What to produce: Your copy of the entries below should hold exactly the lines from the one containing "Modern stor perde" to the one containing "Keywords: celle lower", inclusive, and no pictures.

Records to use:
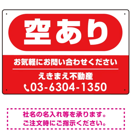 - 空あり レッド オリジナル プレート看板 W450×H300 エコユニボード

--

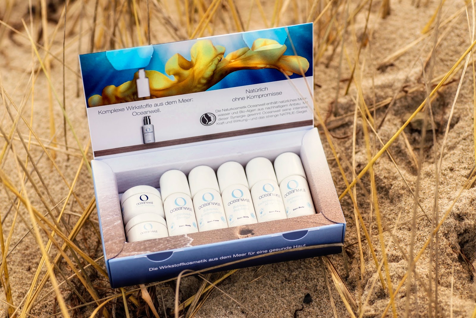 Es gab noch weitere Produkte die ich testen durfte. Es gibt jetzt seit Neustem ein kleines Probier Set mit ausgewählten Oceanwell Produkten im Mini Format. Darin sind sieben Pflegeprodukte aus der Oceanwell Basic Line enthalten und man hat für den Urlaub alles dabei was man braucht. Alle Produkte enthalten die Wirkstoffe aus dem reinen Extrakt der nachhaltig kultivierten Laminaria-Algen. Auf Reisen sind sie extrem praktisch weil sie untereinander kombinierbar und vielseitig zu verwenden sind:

--

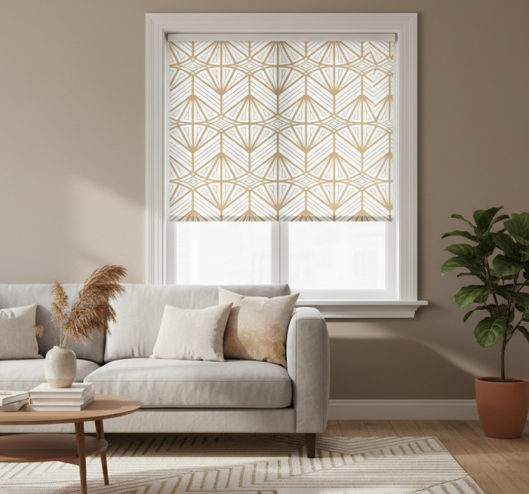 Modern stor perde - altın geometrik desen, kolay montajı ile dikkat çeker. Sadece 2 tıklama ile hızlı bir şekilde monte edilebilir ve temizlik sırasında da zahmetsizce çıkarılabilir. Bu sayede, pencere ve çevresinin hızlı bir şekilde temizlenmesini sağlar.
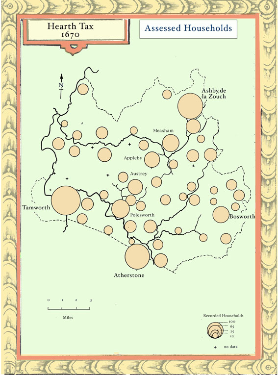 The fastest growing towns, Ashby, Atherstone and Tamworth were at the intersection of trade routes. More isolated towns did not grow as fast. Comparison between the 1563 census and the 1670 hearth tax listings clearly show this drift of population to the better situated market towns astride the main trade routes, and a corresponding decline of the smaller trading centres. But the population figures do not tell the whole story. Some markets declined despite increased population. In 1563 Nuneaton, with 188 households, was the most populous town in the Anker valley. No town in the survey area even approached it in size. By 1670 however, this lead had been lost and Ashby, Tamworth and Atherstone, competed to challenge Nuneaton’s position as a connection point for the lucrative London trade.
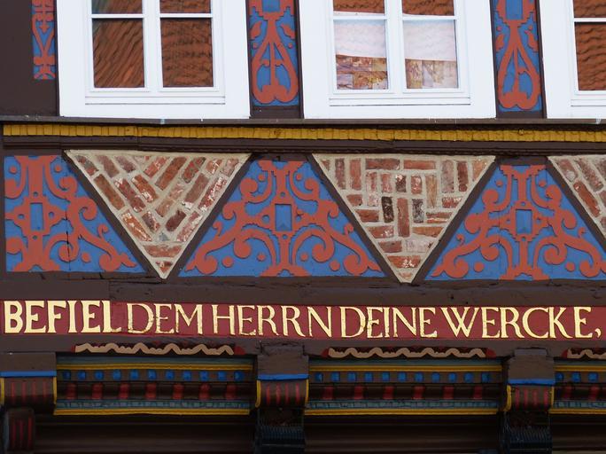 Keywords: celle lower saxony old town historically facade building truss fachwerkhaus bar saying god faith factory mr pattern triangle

Problem solution:
 Modern stor perde - altın geometrik desen, kolay montajı ile dikkat çeker. Sadece 2 tıklama ile hızlı bir şekilde monte edilebilir ve temizlik sırasında da zahmetsizce çıkarılabilir. Bu sayede, pencere ve çevresinin hızlı bir şekilde temizlenmesini sağlar.
 The fastest growing towns, Ashby, Atherstone and Tamworth were at the intersection of trade routes. More isolated towns did not grow as fast. Comparison between the 1563 census and the 1670 hearth tax listings clearly show this drift of population to the better situated market towns astride the main trade routes, and a corresponding decline of the smaller trading centres. But the population figures do not tell the whole story. Some markets declined despite increased population. In 1563 Nuneaton, with 188 households, was the most populous town in the Anker valley. No town in the survey area even approached it in size. By 1670 however, this lead had been lost and Ashby, Tamworth and Atherstone, competed to challenge Nuneaton’s position as a connection point for the lucrative London trade.
 Keywords: celle lower saxony old town historically facade building truss fachwerkhaus bar saying god faith factory mr pattern triangle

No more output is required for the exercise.